Quinn Slack puts ads in a coding agent to make AMP free — and it's already covering 80% of model costs
Nov 24, 2025 with Quinn Slack
Key Points
- Sourcegraph embeds contextual ads inside AMP, its coding agent, covering 80% of model costs after switching to Claude Opus 4.5, which is cheaper and more capable than its predecessor.
- Ads run in the developer environment with high conversion intent, like Cloudflare offering to optimize S3 configurations with one-click execution, a format traditional ad platforms cannot replicate.
- Free ad-supported access expands AMP's user base for behavioral feedback while reducing dependence on enterprise contracts that could constrain product direction and model selection.
Summary
Quinn Slack, CEO and cofounder of Sourcegraph, is running an experiment that is already showing commercial traction: embedding ads inside AMP, the company's coding agent, to make it free at the point of use. The model is working well enough that ads are currently covering approximately 80% of model costs after the switch to Claude Opus 4.5, which Slack says is cheaper than its predecessor despite being more capable.
The unit economics shifted around during development. Early on, ad revenue covered more than 100% of costs. A model upgrade that made the underlying AI roughly six times more expensive dropped coverage to around 50%. The move to Opus 4.5 recovered much of that ground, pushing the coverage ratio back toward 80%.
How the Ad Format Works
AMP surfaces ads contextually inside the developer environment, combining two valuable signals that most ad platforms cannot replicate simultaneously: sustained screen attention and high-stakes purchase intent. Because coding agents are slow and persistent on-screen, there is natural ad inventory throughout a session. More specifically, when the agent detects a developer's tech stack, it can serve targeted ads from relevant vendors.
Slack gives the example of Cloudflare identifying a user running S3 in a suboptimal configuration and serving an ad that explains the performance benefit of switching, with a one-click action for the agent to execute the migration. That combination of contextual relevance and direct conversion action is difficult to replicate in traditional display or search formats.
The ad platform is already self-serve, and Slack says advertiser demand has been strong, citing high hit rates when approaching developer tool CEOs directly.

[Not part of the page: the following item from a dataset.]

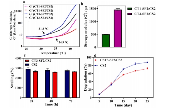 接著,本研究指出 CS 的流變學(xué)特性與凝膠化溫度受濃度、pH 及添加劑等因素影響,DOXSFNPs 和Cu - TiO?納米顆粒分別通過(guò)靜電、氫鍵、配位及范德華力等與 CS 相互作用。經(jīng)實(shí)驗(yàn)發(fā)現(xiàn),1%(w/w)的 SFNPs 濃度對(duì)凝膠化時(shí)間最佳,增加 CT 含量會(huì)降低凝膠化溫度、提升模量與交聯(lián)密度,且 CT3 - SF2/CS2 樣品粘彈性增強(qiáng),其G'/G''比值增大,材料行為趨近彈性,CT 還可能影響復(fù)合材料拉伸強(qiáng)度與模量。在溶脹率方面,37°C 的 PBS 中,CS2 和 CT3 - SF2/CS2 水凝膠 24 小時(shí)內(nèi)達(dá)最大溶脹,添加 SFNPs 和 CT 降低了溶脹百分比,但統(tǒng)計(jì)學(xué)上不顯著。降解率監(jiān)測(cè)顯示,從第 10 天起,CT3 - SF2/CS2 樣品降解速率低于 CS,這是因?yàn)?SFNPs 和 CTNPs 與 CS 的分子作用改變了水凝膠交聯(lián)密度和網(wǎng)絡(luò)結(jié)構(gòu),進(jìn)而影響降解行為。(圖4)

Competing AI products, by contrast, have largely held back from the format, preferring to let Sourcegraph absorb the reputational risk first.
Strategic Logic
Sourcegraph was founded in 2013 and operates two products: its enterprise-scale code search infrastructure and AMP. Slack frames the ad model as more than a monetization tactic. Free ad-supported usage expands the active user base, which accelerates learning about real-world agent behavior. That feedback loop matters because AMP's stated goal is to remain roughly one year ahead of general-purpose coding tools for the top 1% of developers.
Ad revenue also reduces dependence on enterprise customer commitments that could constrain product direction, giving the team more latitude to swap models and change architecture without commercial penalty. Slack draws an explicit parallel to Google's ad business funding unconstrained internal research.
On model strategy, Sourcegraph chose early on not to train its own foundation model, instead building on Anthropic, OpenAI, and Google. Slack says that bet has paid off. AMP briefly switched its default to Gemini 3 following what Slack describes as a significant quality leap last week, though with Opus 4.5 now available, he expects to switch back. There is no model picker exposed to users.
Slack did not disclose total revenue, user numbers, or valuation figures in the segment. The absence of a paid opt-out tier for ad-free access, which Slack confirmed is not currently offered even on premium tiers, is a notable product decision that could face pushback as the user base grows.